STUDY MATERIAL Start Marker
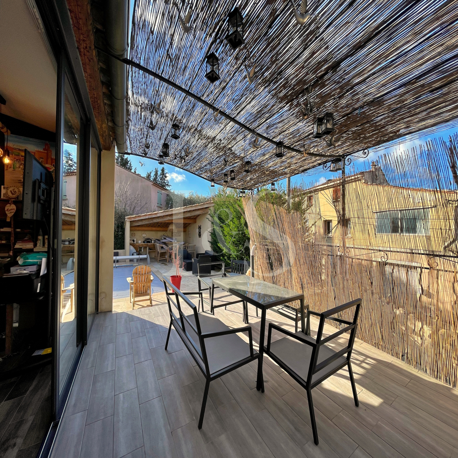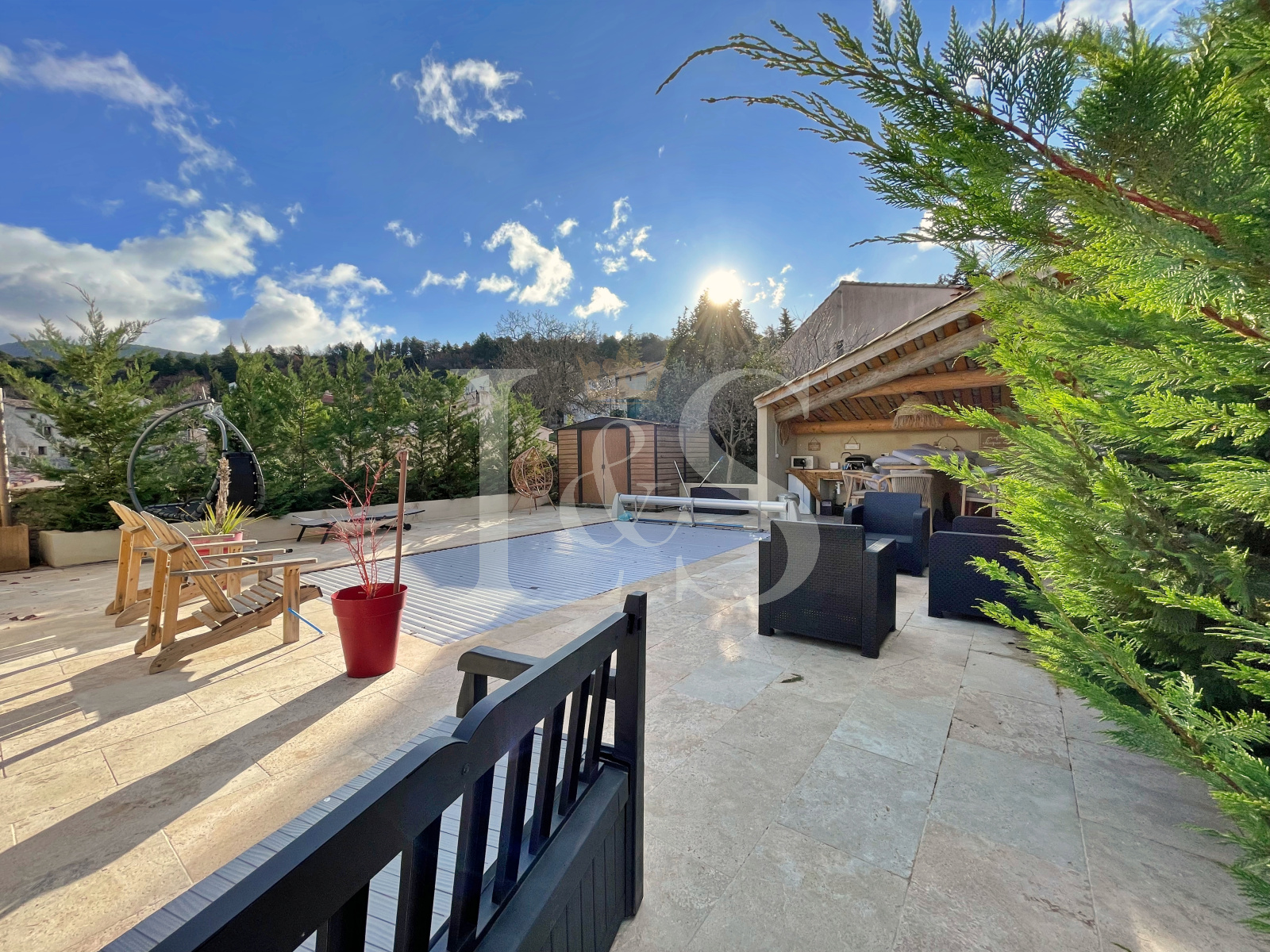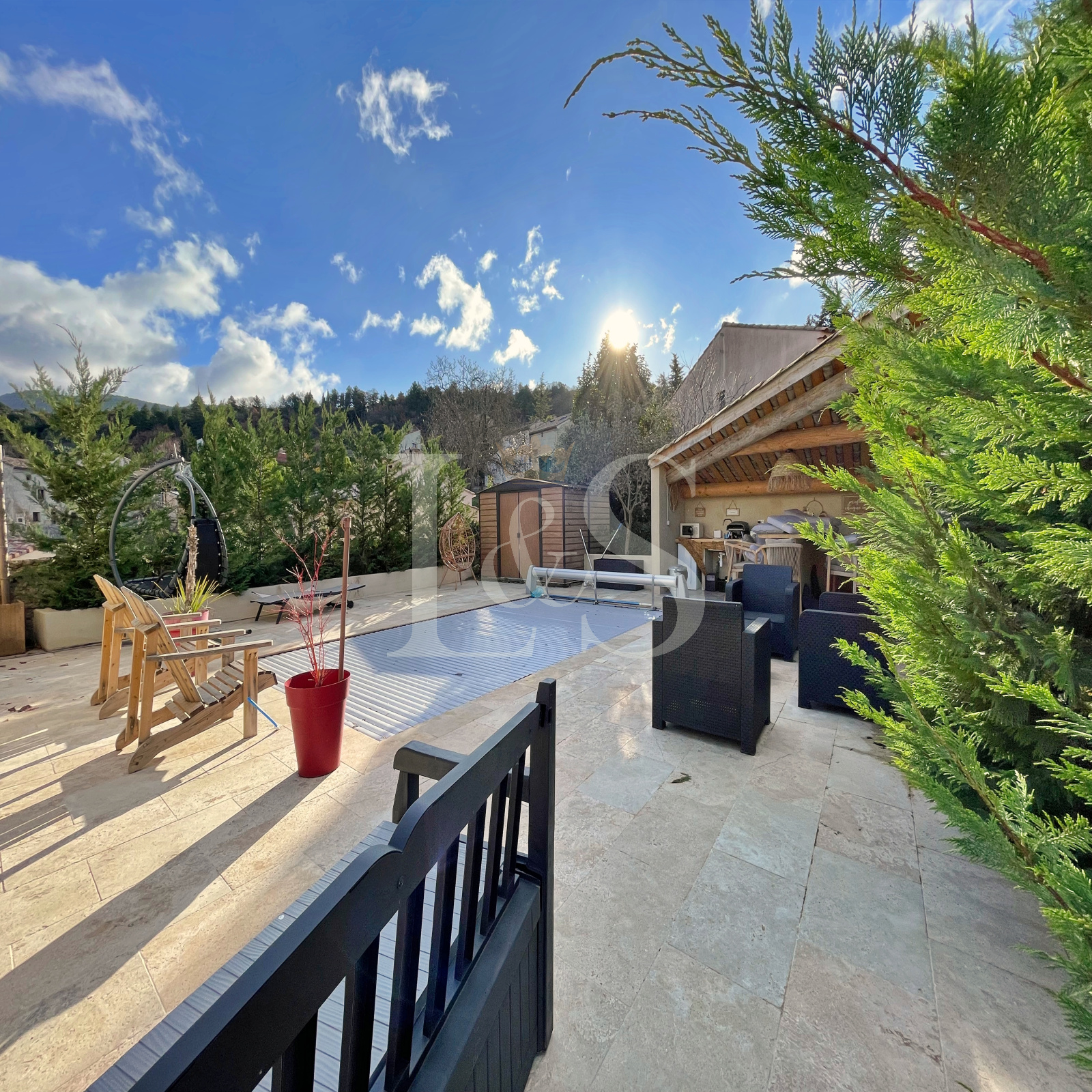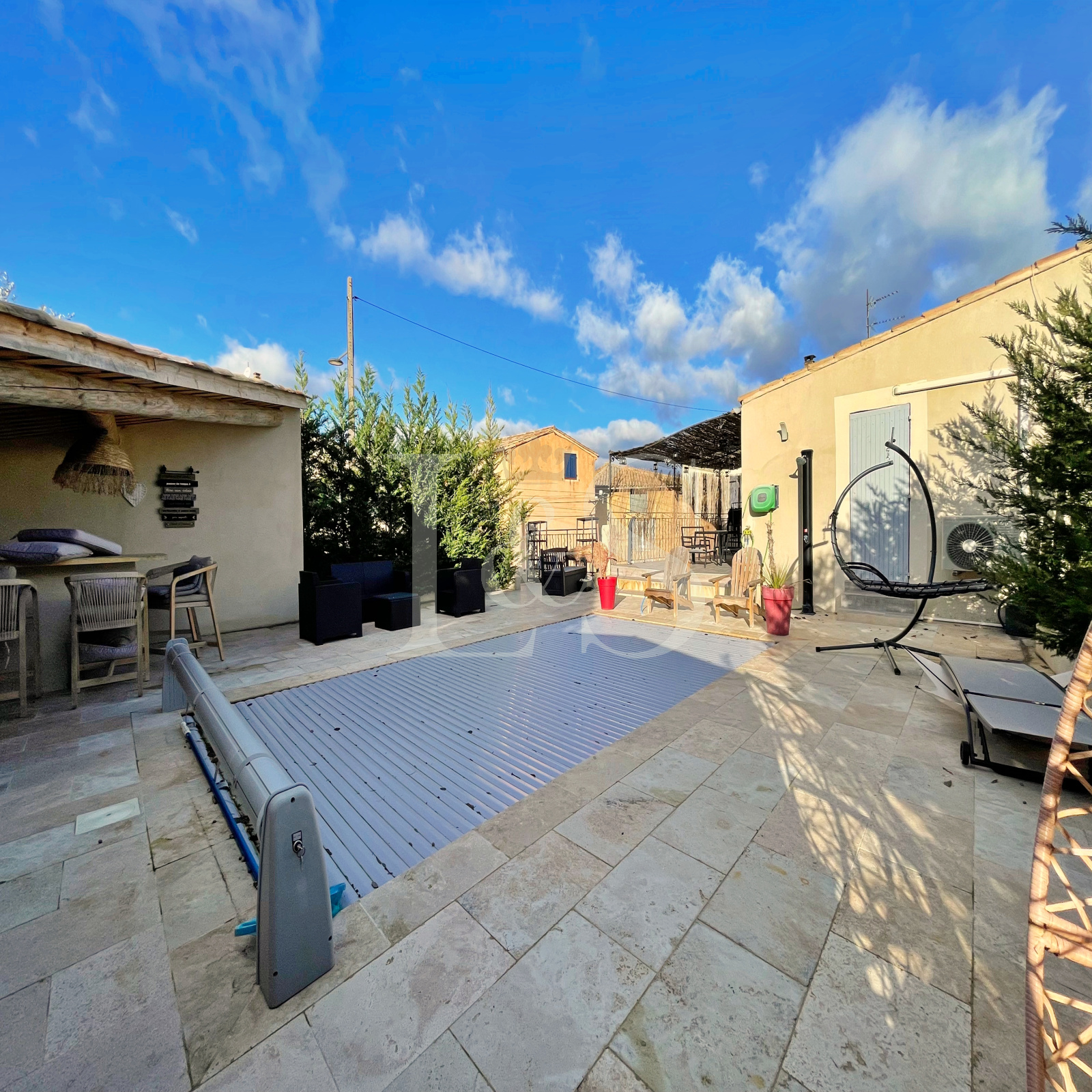 À l’extérieur, chacun pourra profiter d’une terrasse, d’une cour, d’une piscine sécurisée de 6x4m avec volet roulant, d’une cuisine d’été et d’un abri de jardin.
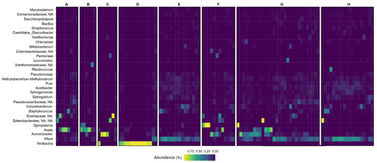 Heatmap of bacterial sequences with taxonomic assignment to genus level in each mosquito sample. Each row represents a bacterial taxon and each column corresponds a mosquito sample. Relative abundance data are assigned colors across a gradient from yellow (higher bacterial abundance) to purple (lowest bacterial abundance). (A) corresponds to samples of the species Ae. scapularis; (B) corresponds to samples of the species Ae. serratus; (C) corresponds to samples of the species Hg. capricornii; (D) corresponds to samples of the species Hg. leucocelaenus; (E) corresponds to samples of the species Ke. cruzii; (F) corresponds to samples of the species Ps. ferox; (G) corresponds to samples of the species Sa. conditus and (H) corresponds to samples of the species Wy. confusa.
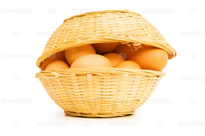 Куриные яйца в корзине на белом фоне
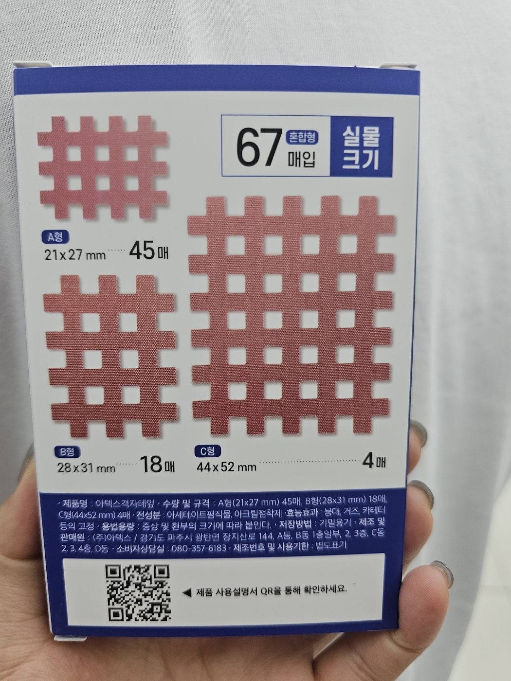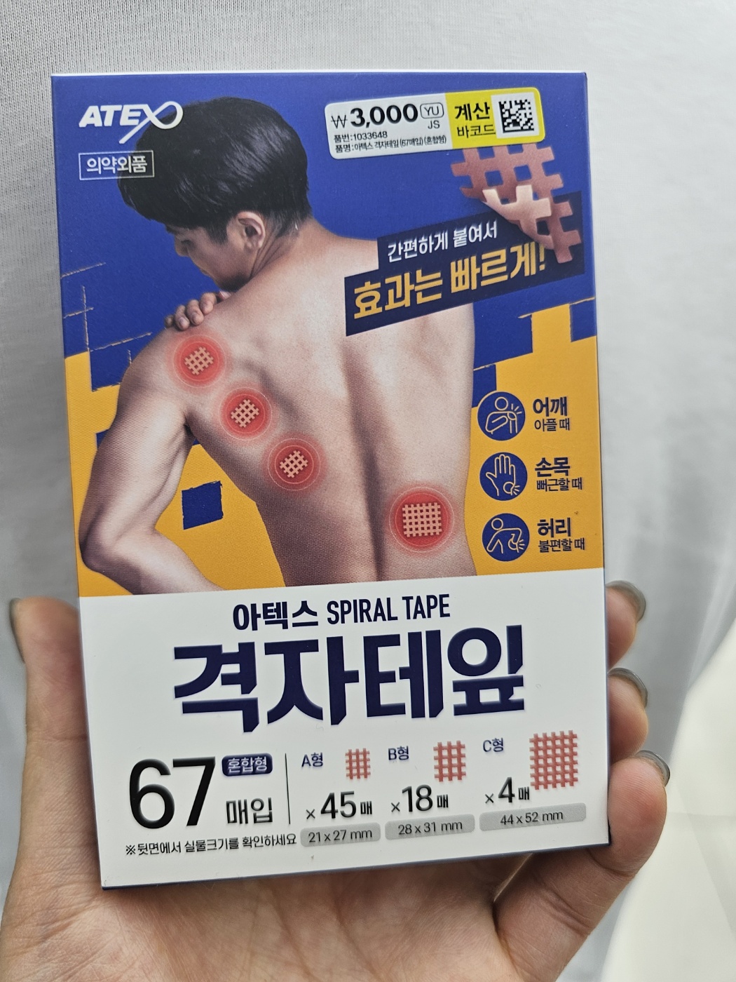 약 성분 없는 국내 제조 제품으로, 다양한 사이즈의 격자 테이프가 총 67매 들어 있어 일상 통증 케어용으로 아주 유용하더라고요.
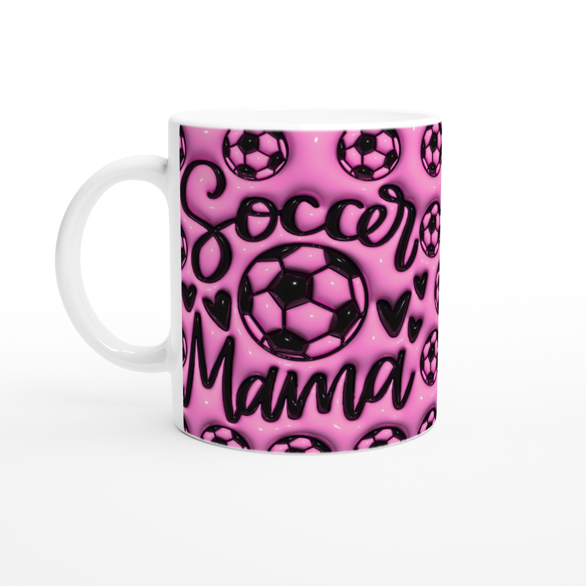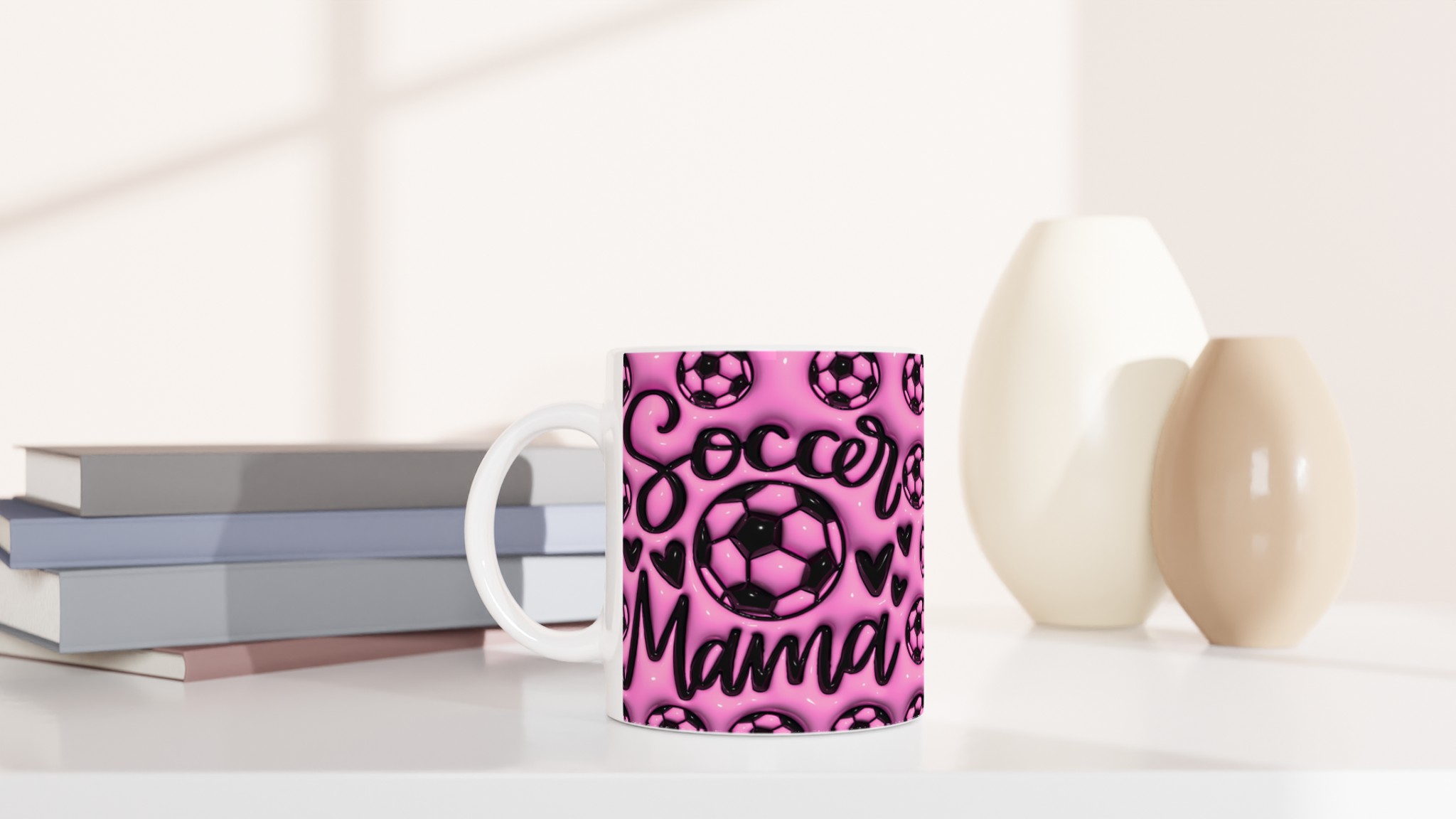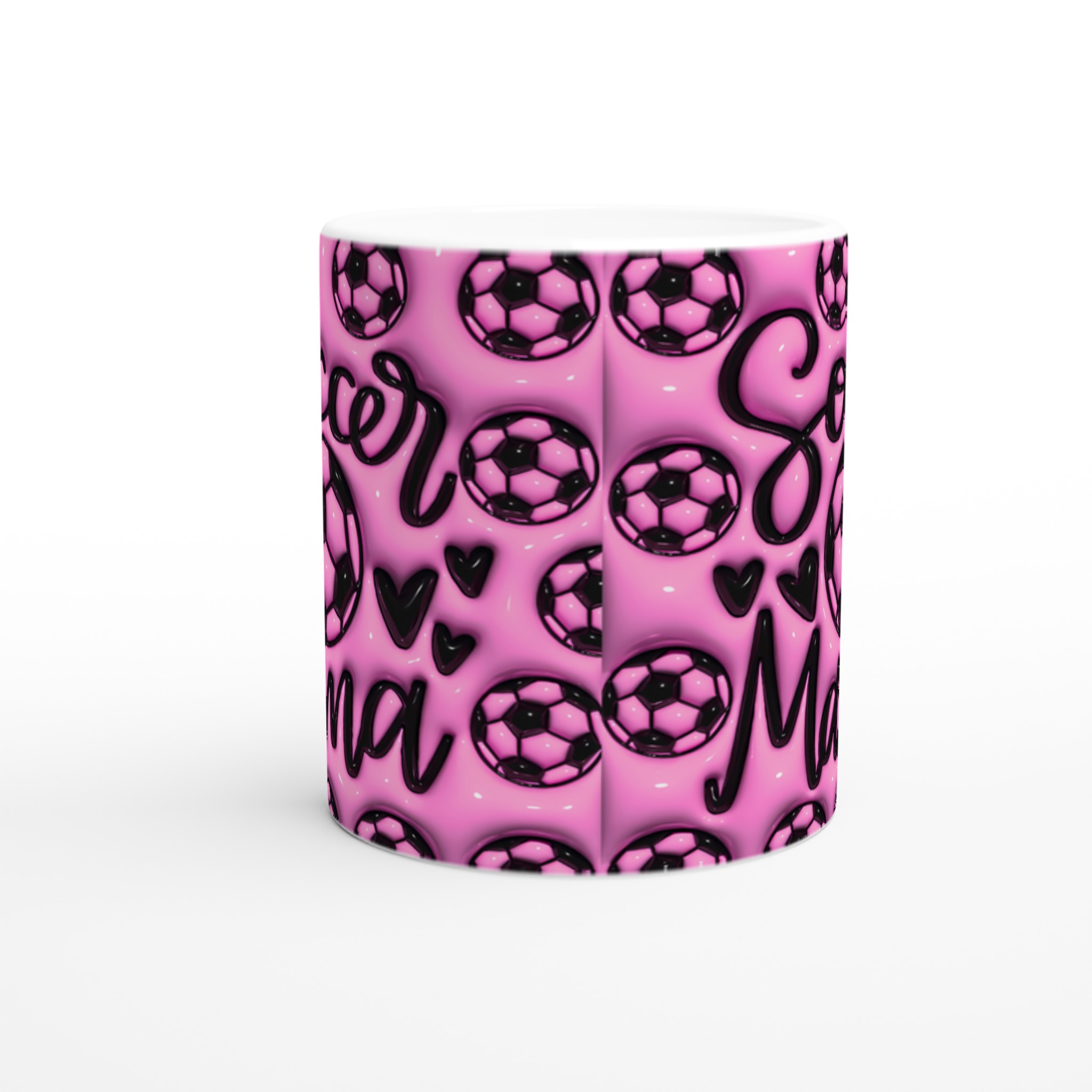 Fira din passion som Soccer Mama med denna charmiga keramiska mugg! Oavsett om du hejar från sidlinjen, skjutsar till träningen eller bara vill ha en mysig stund hemma, blir denna mugg din perfekta följeslagare. Den iögonfallande designen, med bubbligt rosa ”Soccer Mama” text och matchande fotbollar, är ett lekfullt sätt att visa din laganda. Den blanka ytan får designen att framhävas med klara och levande färger, som håller sig fina även efter många turer i mikron och diskmaskinen.
STUDY MATERIAL End Marker
→ **YOUR GOAL**:
Find the line with "Heatmap of bacterial" in the entries above. Set down exactly every line from it up to and including the line with "약 성분 없는 국내 제조", images excluded.

→ **OUTPUT OF THE EXERCISE**:
 Heatmap of bacterial sequences with taxonomic assignment to genus level in each mosquito sample. Each row represents a bacterial taxon and each column corresponds a mosquito sample. Relative abundance data are assigned colors across a gradient from yellow (higher bacterial abundance) to purple (lowest bacterial abundance). (A) corresponds to samples of the species Ae. scapularis; (B) corresponds to samples of the species Ae. serratus; (C) corresponds to samples of the species Hg. capricornii; (D) corresponds to samples of the species Hg. leucocelaenus; (E) corresponds to samples of the species Ke. cruzii; (F) corresponds to samples of the species Ps. ferox; (G) corresponds to samples of the species Sa. conditus and (H) corresponds to samples of the species Wy. confusa.
 Куриные яйца в корзине на белом фоне
 약 성분 없는 국내 제조 제품으로, 다양한 사이즈의 격자 테이프가 총 67매 들어 있어 일상 통증 케어용으로 아주 유용하더라고요.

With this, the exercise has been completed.